Целители, произносившие заговоры над снадобьями, или гадатели, бросавшие кости для предсказания судьбы, могли быть обвинены в колдовстве, но в большинстве случаев этого не случалось. В России насчитывалось множество практик, которые при одних обстоятельствах можно было охарактеризовать как магические, а при других счесть полностью приемлемыми. В отсутствие медиков, предоставляющих помощь на профессиональной или «научной» основе которая могла бы послужить более достойной альтернативой, обитателям Московского государства приходилось прибегать к церковным обрядам, лечиться домашними средствами или обращаться к бродячим знахарям[13]. Повсеместное распространение магического целительства с использованием кореньев и трав заставляет искать ответа на непростые вопросы: почему так мало случаев доходило до суда и как решалось, что следует оставить без внимания, а что, напротив, считать серьезным преступлением? Как видно из данных в суде показаний, случай из заурядного превращался в возмутительный, если приводил к тяжелым последствиям либо становился последствием ожесточенной личной вражды, но особенно если в нем видели нарушение моральных норм.
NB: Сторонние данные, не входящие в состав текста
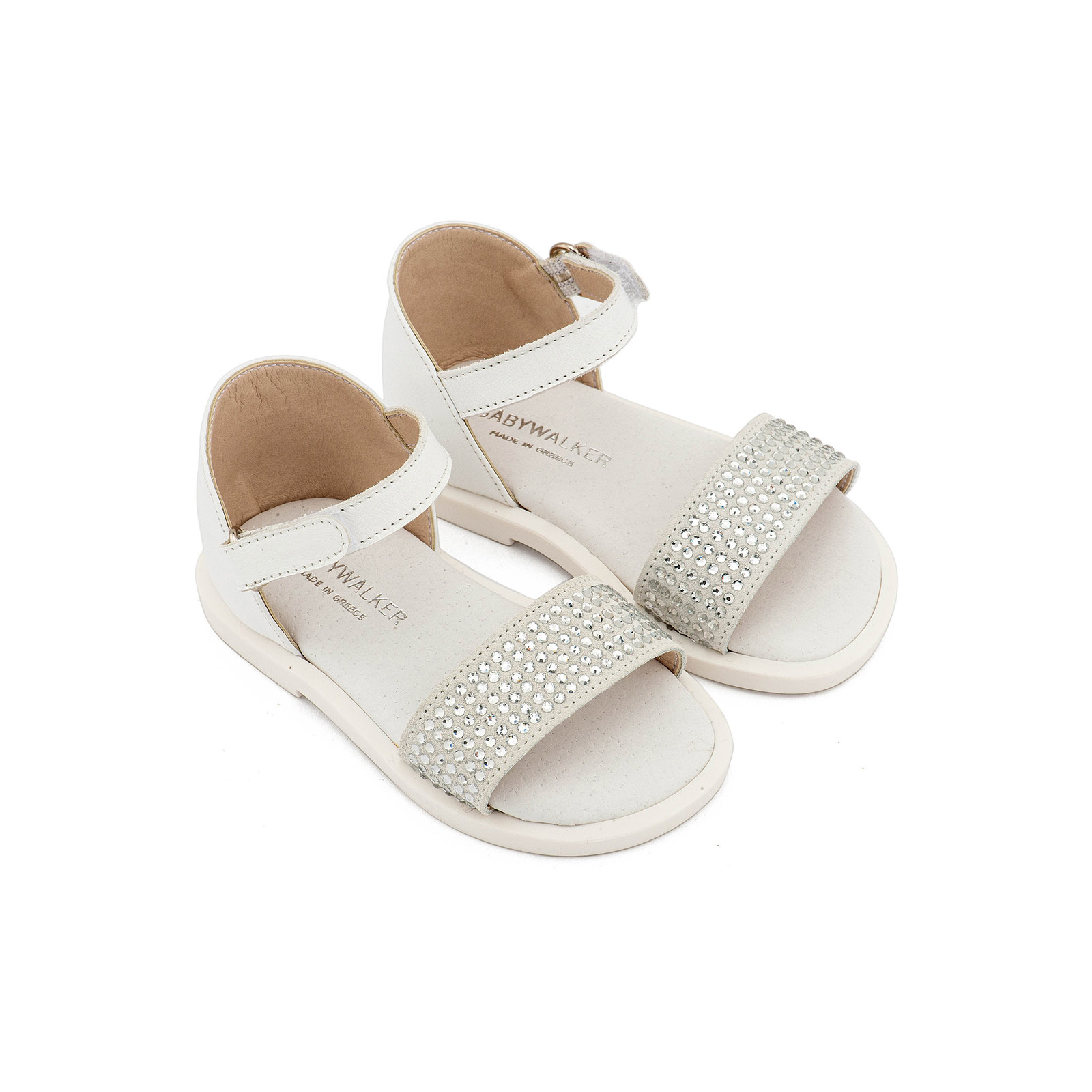 Δερμάτινο Πέδιλο, Διακοσμημένο με Στρας, σε Λευκό Χρώμα της εταιρείας Babywalker.
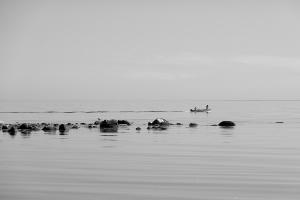 "Auf einem Angelausflug" Poster von Lars Ödemark. Glatt wie ein Spiegel gleitet das kleine Fischerboot übers stille Wasser vor Ölands Küste. Nebelschwaden umhüllen die Szene – so als hätte die Zeit kurz Pause gedrückt. Die Felsen blinzeln aus dem Meer, während der Morgen noch ganz frisch und unberührt wirkt. Ein Moment, der mehr sagt als Worte – fast wie ein leises Versprechen, dass hier noch alles möglich ist. Perfekt für alle, die das ruhige, echte Leben in Schwarz-Weiß feiern.

Русские колдовские процессы остаются малоисследованными, притом что список научных работ, посвященных европейскому и североамериканскому колдовству, велик и постоянно пополняется. Созданные начиная с 1970-х годов труды, охватывающие обширную территорию от Германии до Салема, дают прекрасную возможность познакомиться с жизнью, опытом и ментальностью людей, чей мир обуславливался теми или иными системами верований, гендерными режимами и материальными ограничениями. В последнее время исследователи начинают проявлять интерес к источникам по колдовским процессам и верованиям, связанным с колдовством, на европейской периферии, особенно в Восточной и Северной Европе. Исключительное богатство европейской историографии захватывает дух, но одновременно обескураживает. Как можно сказать новое слово в области, полной блестящих ученых и превосходных книг? Рольф Шульте вскользь упоминает, что его исследование о мужчинах-колдунах в Центральной Европе потребовало анализа данных из восьмидесяти двух монографий, вышедших до 2007 года: каждая из них касалась территорий, входивших в состав Священной Римской империи, и отвечала его строгим научным критериям [Schulte 2009а: 54]. Если расширить географический охват (или ослабить строгие критерии, основанные на количественных показателях), работ окажется еще больше. Еще одно нишевое исследование, посвященное колдовским процессам в еще одной периферийной европейской стране, выглядит не слишком необходимым.
И все же, как было сказано выше, колдовство в России имело свои особенности, которые делают его изучение особенно заманчивым: оно может служить для анализа колдовства как кросс-культурного феномена (как контрольный пример или предмет контролируемого исследования), а также для лучшего понимания повседневной жизни рядовых жителей Русского государства которое чрезвычайно затруднено, учитывая повсеместную неграмотность. Как я надеюсь, «Магия отчаяния» поможет дать ответы на важнейшие вопросы, касающиеся российской истории, и внесет вклад в традиционные сравнительные исследования колдовства.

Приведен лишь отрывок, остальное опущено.